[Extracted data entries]
=== Begin Enclosure ===

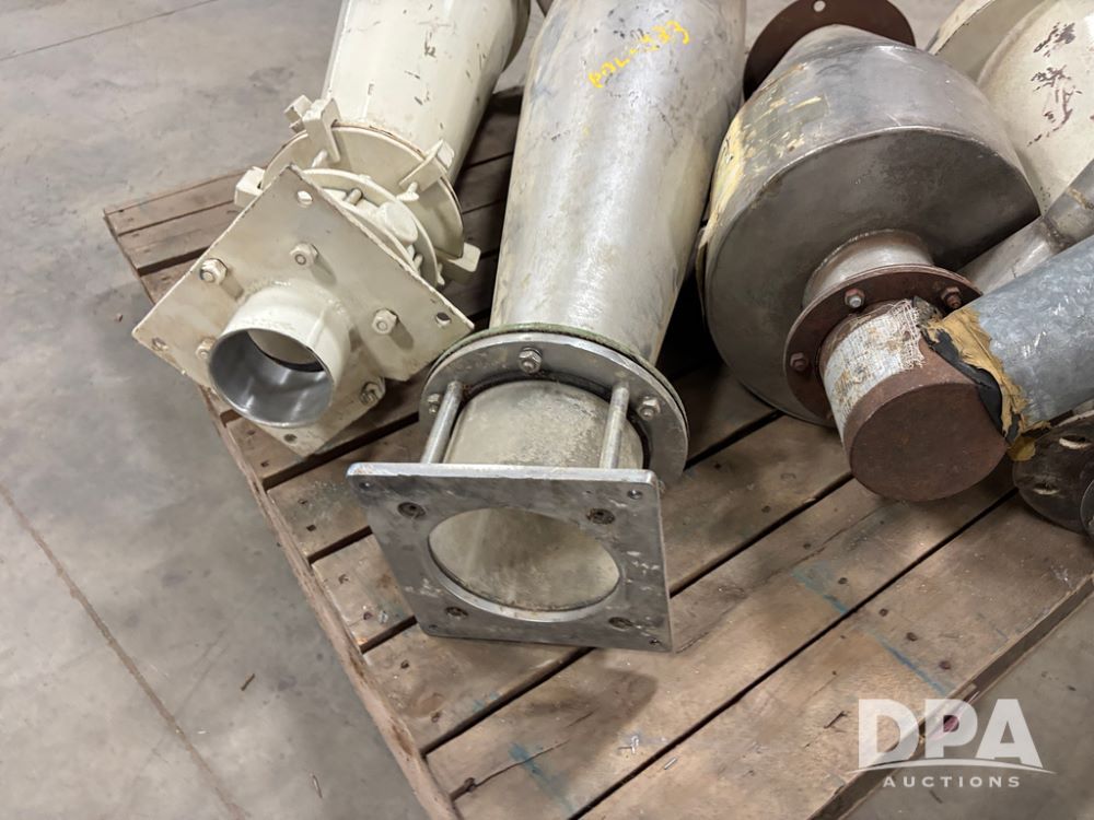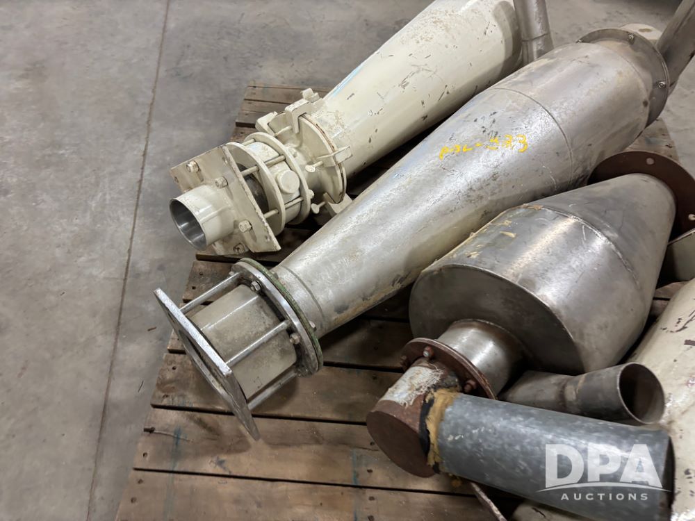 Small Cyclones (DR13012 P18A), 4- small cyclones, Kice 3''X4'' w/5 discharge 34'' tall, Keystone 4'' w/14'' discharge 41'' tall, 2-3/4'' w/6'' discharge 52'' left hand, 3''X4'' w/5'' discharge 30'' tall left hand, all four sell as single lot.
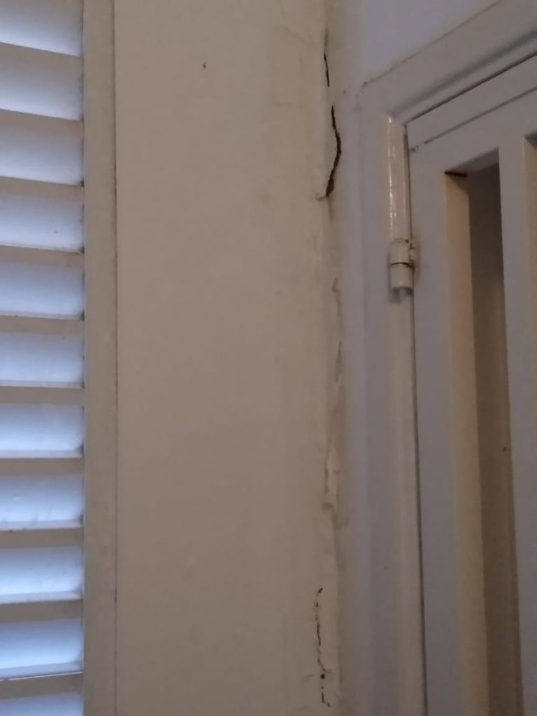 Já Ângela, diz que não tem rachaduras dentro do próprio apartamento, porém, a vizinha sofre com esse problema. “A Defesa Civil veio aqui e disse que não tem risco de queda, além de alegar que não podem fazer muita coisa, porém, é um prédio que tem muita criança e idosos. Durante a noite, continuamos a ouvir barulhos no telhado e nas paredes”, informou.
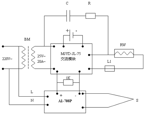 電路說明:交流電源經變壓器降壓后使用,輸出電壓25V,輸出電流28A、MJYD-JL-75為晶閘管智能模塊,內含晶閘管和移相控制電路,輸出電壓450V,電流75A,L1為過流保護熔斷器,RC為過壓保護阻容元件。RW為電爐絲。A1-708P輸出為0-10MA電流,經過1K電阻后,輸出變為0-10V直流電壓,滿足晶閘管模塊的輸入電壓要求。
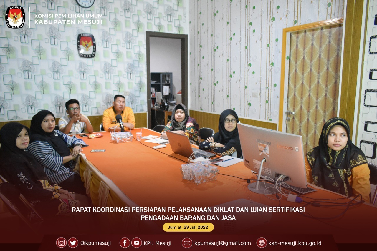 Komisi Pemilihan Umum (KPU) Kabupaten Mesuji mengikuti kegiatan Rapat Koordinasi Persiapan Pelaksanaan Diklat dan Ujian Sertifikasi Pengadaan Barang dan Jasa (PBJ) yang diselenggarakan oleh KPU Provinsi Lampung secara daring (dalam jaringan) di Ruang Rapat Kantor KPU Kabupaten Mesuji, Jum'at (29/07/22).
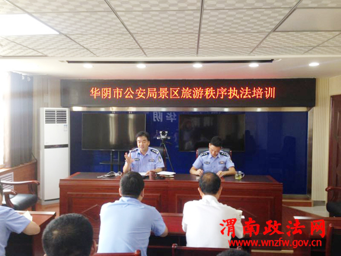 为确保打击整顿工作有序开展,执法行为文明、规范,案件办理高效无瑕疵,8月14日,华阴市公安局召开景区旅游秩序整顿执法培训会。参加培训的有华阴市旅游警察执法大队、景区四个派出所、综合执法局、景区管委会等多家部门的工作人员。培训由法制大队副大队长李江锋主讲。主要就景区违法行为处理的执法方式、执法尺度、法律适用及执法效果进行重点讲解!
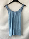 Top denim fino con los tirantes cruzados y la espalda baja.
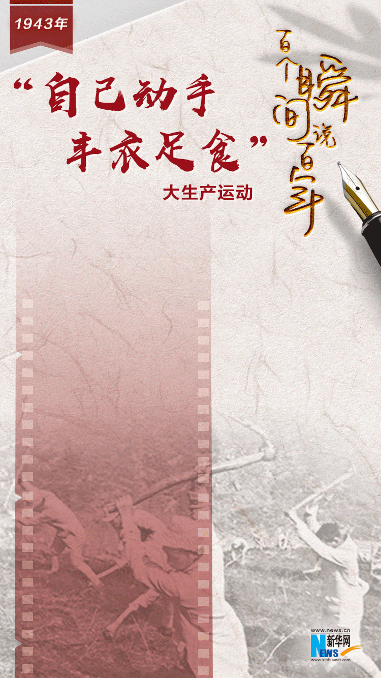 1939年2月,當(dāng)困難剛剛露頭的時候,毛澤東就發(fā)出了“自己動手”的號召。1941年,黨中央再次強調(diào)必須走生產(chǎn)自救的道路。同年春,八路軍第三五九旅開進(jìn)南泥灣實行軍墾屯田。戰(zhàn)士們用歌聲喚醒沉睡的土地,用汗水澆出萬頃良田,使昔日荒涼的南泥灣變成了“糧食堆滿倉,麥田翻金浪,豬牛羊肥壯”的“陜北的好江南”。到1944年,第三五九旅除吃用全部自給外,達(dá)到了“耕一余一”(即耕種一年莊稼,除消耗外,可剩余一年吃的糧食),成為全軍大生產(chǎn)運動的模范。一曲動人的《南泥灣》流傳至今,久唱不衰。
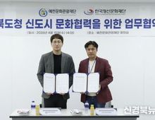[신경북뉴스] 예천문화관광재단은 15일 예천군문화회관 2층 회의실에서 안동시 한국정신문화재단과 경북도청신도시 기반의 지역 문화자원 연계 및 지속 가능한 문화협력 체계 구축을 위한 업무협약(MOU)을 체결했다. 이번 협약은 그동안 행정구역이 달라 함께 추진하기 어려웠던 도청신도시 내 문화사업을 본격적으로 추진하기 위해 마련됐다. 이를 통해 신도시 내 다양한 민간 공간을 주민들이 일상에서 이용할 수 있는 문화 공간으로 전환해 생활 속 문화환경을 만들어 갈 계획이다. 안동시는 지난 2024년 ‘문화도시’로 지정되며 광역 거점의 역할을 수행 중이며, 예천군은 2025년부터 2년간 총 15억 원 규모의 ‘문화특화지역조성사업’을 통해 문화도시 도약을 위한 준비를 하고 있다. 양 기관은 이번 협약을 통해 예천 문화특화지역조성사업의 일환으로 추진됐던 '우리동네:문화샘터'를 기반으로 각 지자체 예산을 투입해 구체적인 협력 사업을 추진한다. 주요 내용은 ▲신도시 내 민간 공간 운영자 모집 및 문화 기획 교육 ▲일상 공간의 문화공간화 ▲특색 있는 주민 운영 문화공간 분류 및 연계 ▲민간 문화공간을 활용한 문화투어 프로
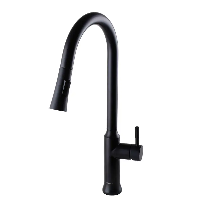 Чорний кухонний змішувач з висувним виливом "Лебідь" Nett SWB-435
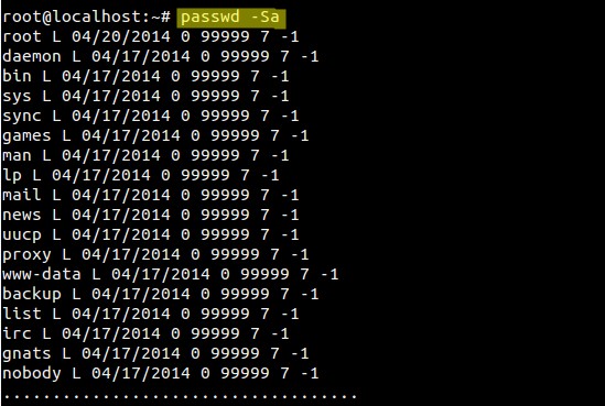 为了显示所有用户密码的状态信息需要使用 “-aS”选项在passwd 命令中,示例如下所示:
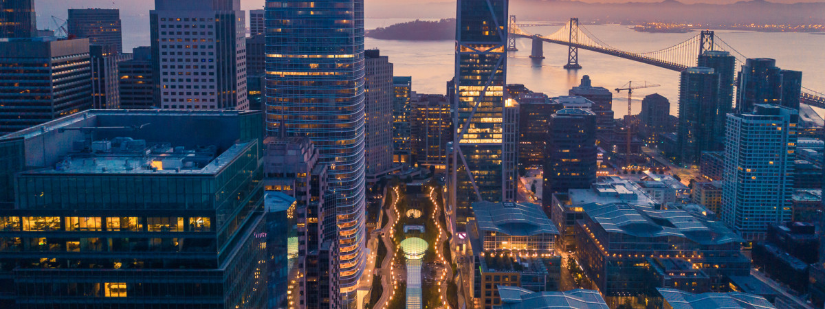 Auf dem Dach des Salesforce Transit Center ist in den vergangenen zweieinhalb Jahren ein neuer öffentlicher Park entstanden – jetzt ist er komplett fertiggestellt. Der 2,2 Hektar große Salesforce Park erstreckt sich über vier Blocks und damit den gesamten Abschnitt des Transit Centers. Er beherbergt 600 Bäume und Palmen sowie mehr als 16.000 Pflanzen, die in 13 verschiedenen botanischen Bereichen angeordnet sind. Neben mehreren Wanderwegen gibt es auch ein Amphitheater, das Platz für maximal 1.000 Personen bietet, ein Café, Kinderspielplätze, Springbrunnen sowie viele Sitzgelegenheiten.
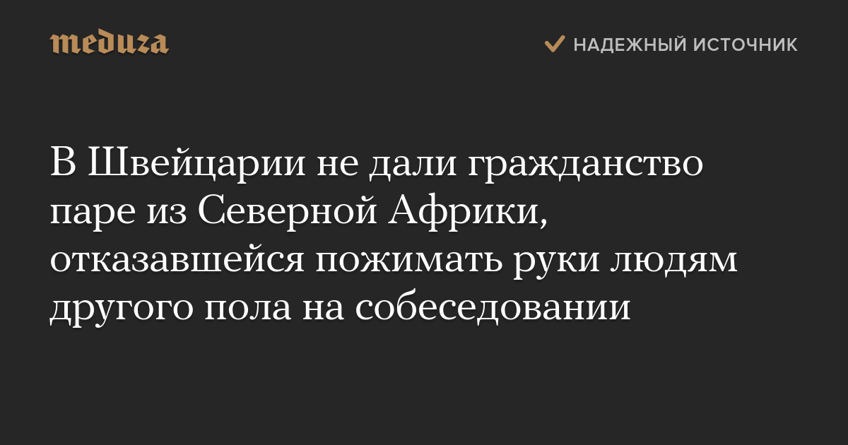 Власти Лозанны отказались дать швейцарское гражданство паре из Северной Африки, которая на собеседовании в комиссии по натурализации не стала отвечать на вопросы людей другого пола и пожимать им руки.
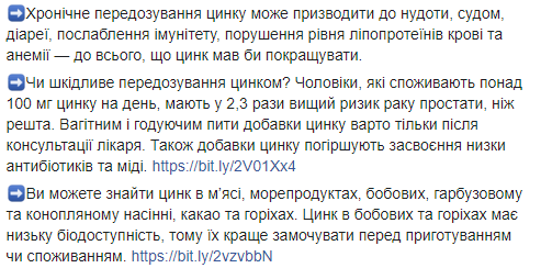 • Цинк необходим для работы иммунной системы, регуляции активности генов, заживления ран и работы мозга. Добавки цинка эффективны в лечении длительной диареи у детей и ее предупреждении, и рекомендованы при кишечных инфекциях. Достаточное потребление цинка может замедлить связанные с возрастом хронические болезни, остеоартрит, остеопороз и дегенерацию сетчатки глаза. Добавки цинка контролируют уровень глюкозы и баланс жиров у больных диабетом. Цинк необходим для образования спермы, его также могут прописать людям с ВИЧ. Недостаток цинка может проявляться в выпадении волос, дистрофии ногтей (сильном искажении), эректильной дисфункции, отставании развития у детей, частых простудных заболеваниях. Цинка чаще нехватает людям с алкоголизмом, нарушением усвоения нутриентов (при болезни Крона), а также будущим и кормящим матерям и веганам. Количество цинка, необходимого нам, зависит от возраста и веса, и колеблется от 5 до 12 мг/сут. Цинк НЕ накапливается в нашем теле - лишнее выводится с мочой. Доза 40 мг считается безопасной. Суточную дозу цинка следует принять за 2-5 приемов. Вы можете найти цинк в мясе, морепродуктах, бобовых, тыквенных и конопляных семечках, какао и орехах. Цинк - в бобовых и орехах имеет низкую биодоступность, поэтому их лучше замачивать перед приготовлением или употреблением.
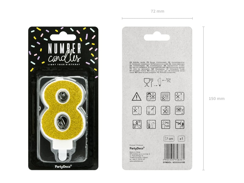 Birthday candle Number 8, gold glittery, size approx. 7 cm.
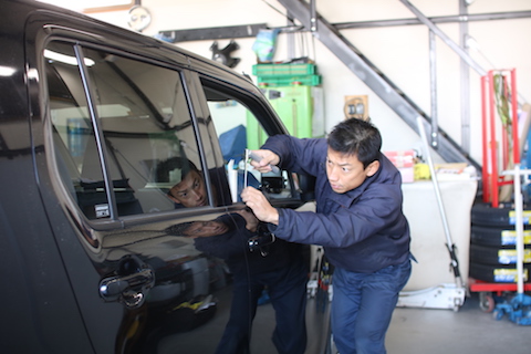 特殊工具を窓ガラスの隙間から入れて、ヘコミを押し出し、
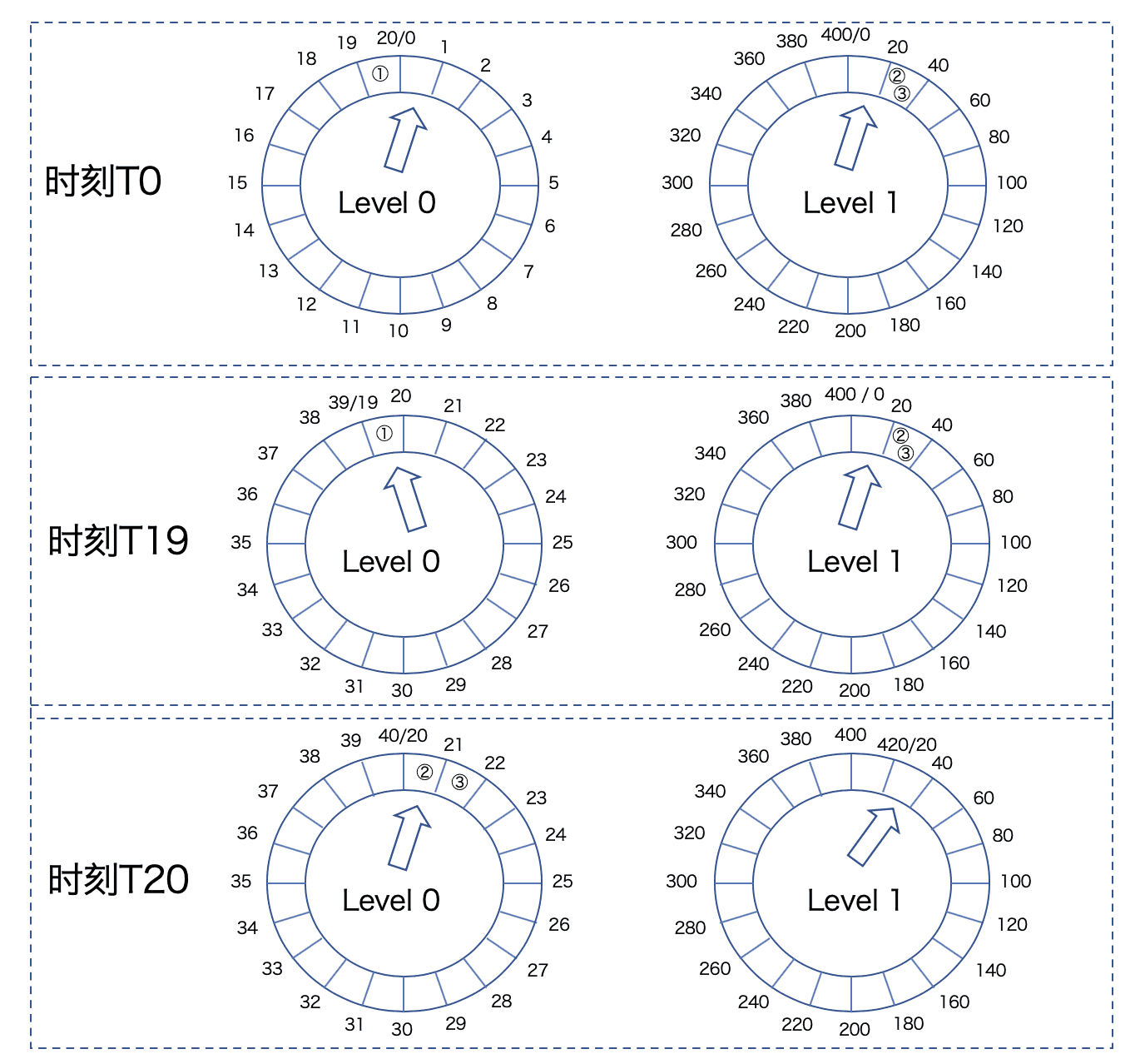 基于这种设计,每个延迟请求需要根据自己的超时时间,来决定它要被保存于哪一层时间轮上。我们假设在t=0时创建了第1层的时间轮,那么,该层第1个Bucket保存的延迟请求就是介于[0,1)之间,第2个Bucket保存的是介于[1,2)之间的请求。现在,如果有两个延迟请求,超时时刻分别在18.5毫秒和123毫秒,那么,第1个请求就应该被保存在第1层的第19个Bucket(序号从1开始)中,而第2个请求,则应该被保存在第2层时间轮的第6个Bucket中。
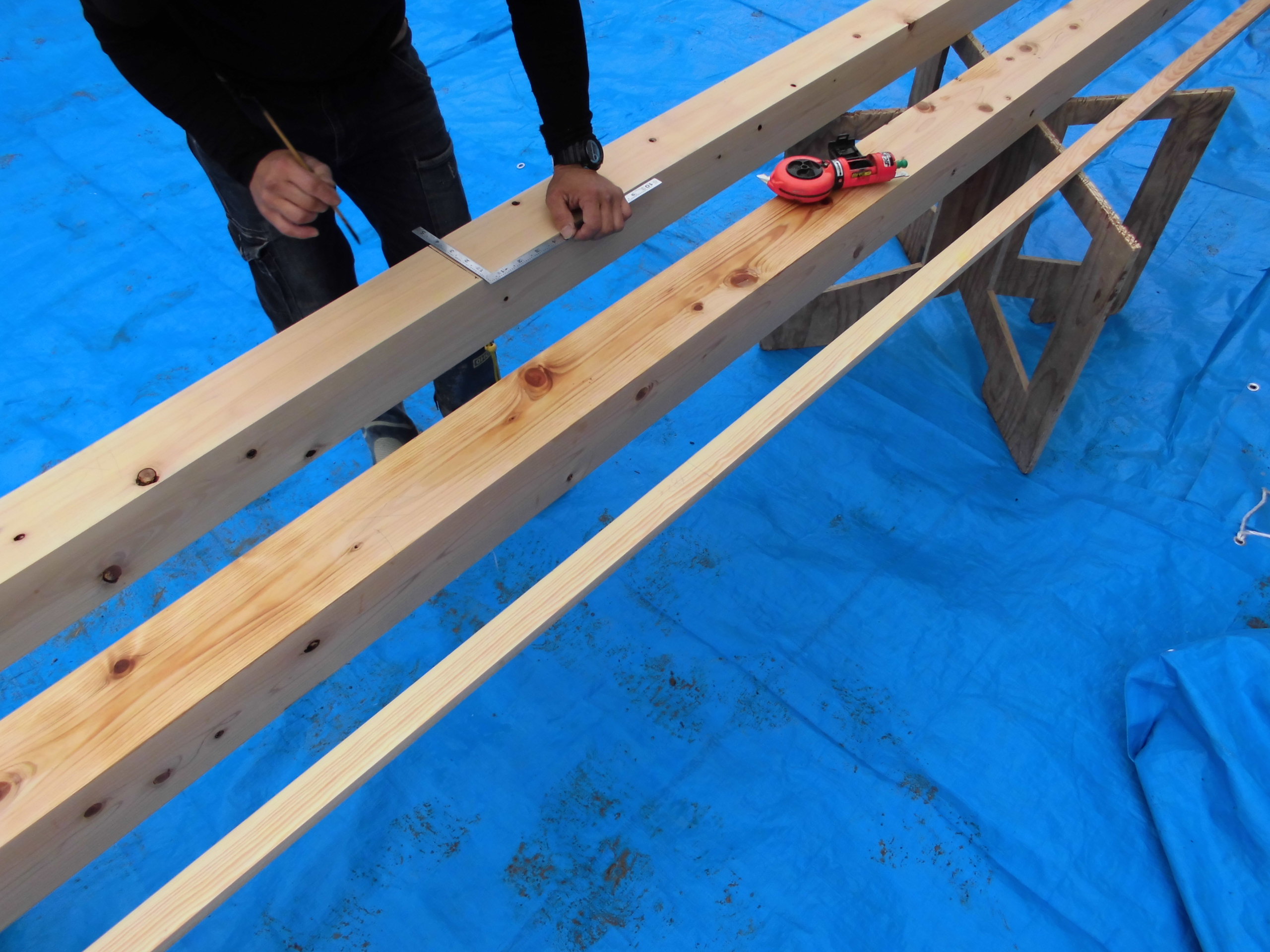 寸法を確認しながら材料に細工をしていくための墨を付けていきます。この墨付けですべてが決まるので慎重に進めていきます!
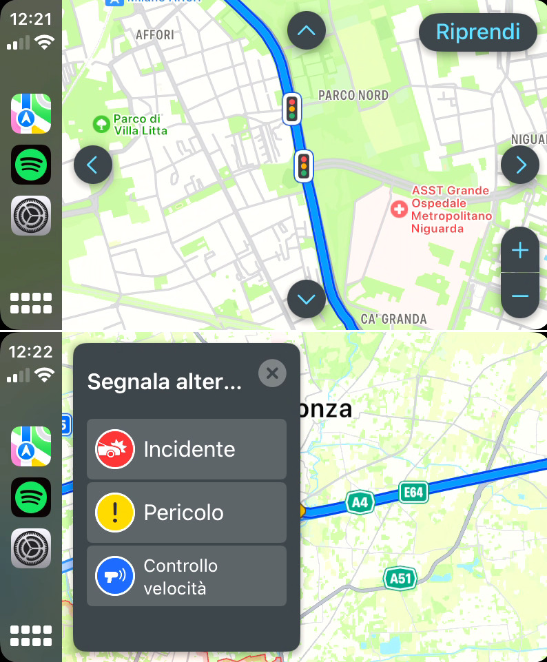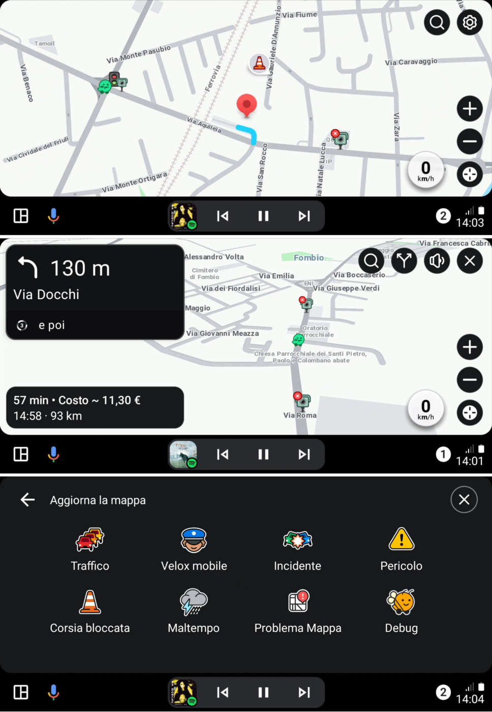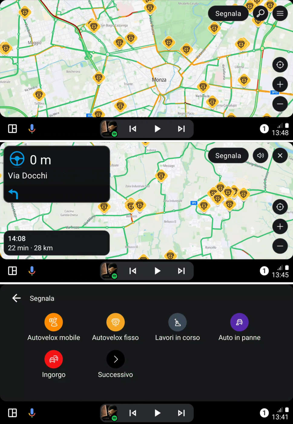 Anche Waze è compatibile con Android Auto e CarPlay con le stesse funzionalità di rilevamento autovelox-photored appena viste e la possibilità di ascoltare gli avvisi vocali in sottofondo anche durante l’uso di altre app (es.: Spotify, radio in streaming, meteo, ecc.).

=== End Enclosure ===

_Problem to work on_
Give the lines again exactly, beginning with the first line of the records above and ending with the line that contains "1939年2月,當(dāng", and include no pictures.

_Task solution_
 Small Cyclones (DR13012 P18A), 4- small cyclones, Kice 3''X4'' w/5 discharge 34'' tall, Keystone 4'' w/14'' discharge 41'' tall, 2-3/4'' w/6'' discharge 52'' left hand, 3''X4'' w/5'' discharge 30'' tall left hand, all four sell as single lot.
 Já Ângela, diz que não tem rachaduras dentro do próprio apartamento, porém, a vizinha sofre com esse problema. “A Defesa Civil veio aqui e disse que não tem risco de queda, além de alegar que não podem fazer muita coisa, porém, é um prédio que tem muita criança e idosos. Durante a noite, continuamos a ouvir barulhos no telhado e nas paredes”, informou.
 電路說明:交流電源經變壓器降壓后使用,輸出電壓25V,輸出電流28A、MJYD-JL-75為晶閘管智能模塊,內含晶閘管和移相控制電路,輸出電壓450V,電流75A,L1為過流保護熔斷器,RC為過壓保護阻容元件。RW為電爐絲。A1-708P輸出為0-10MA電流,經過1K電阻后,輸出變為0-10V直流電壓,滿足晶閘管模塊的輸入電壓要求。
 Komisi Pemilihan Umum (KPU) Kabupaten Mesuji mengikuti kegiatan Rapat Koordinasi Persiapan Pelaksanaan Diklat dan Ujian Sertifikasi Pengadaan Barang dan Jasa (PBJ) yang diselenggarakan oleh KPU Provinsi Lampung secara daring (dalam jaringan) di Ruang Rapat Kantor KPU Kabupaten Mesuji, Jum'at (29/07/22).
 为确保打击整顿工作有序开展,执法行为文明、规范,案件办理高效无瑕疵,8月14日,华阴市公安局召开景区旅游秩序整顿执法培训会。参加培训的有华阴市旅游警察执法大队、景区四个派出所、综合执法局、景区管委会等多家部门的工作人员。培训由法制大队副大队长李江锋主讲。主要就景区违法行为处理的执法方式、执法尺度、法律适用及执法效果进行重点讲解!
 Top denim fino con los tirantes cruzados y la espalda baja.
 1939年2月,當(dāng)困難剛剛露頭的時候,毛澤東就發(fā)出了“自己動手”的號召。1941年,黨中央再次強調(diào)必須走生產(chǎn)自救的道路。同年春,八路軍第三五九旅開進(jìn)南泥灣實行軍墾屯田。戰(zhàn)士們用歌聲喚醒沉睡的土地,用汗水澆出萬頃良田,使昔日荒涼的南泥灣變成了“糧食堆滿倉,麥田翻金浪,豬牛羊肥壯”的“陜北的好江南”。到1944年,第三五九旅除吃用全部自給外,達(dá)到了“耕一余一”(即耕種一年莊稼,除消耗外,可剩余一年吃的糧食),成為全軍大生產(chǎn)運動的模范。一曲動人的《南泥灣》流傳至今,久唱不衰。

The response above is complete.